According to Neil Gershenfeld, the renowned MIT scientist and inventor, the next big thing is personal fabrication -the ability to design and produce your own products, in your own home, with a machine that combines consumer electronics with industrial tools. Personal fabricators (PF’s) are about to revolutionize the world just as personal computers did a generation ago. PF’s will bring the programmability of the digital world to the rest of the world, by being able to make almost anything-including new personal fabricators.
In FAB, Gershenfeld describes how personal fabrication is possible today, and how it is meeting local needs with locally developed solutions. He and his colleagues have created “fab labs” around the world, which, in his words, can be interpreted to mean “a lab for fabrication, or simply a fabulous laboratory.” Using the machines in one of these labs, children in inner-city Boston have made saleable jewelry from scrap material. Villagers in India used their lab to develop devices for monitoring food safety and agricultural engine efficiency. Herders in the Lyngen Alps of northern Norway are developing wireless networks and animal tags so that their data can be as nomadic as their animals. And students at MIT have made everything from a defensive dress that protects its wearer’s personal space to an alarm clock that must be wrestled into silence.

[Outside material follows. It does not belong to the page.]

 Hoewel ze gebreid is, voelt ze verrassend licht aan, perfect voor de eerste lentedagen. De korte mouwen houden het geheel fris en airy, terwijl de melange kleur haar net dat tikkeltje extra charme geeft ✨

These experiments are the vanguard of a new science and a new era-an era of “post-digital literacy” in which we will be as familiar with digital fabrication as we are with the of information processing. In this groundbreaking book, the scientist pioneering the revolution in personal fabrication reveals exactly what is being done, and how. The technology of FAB will allow people to create the objects they desire, and the kind of world they want to live in.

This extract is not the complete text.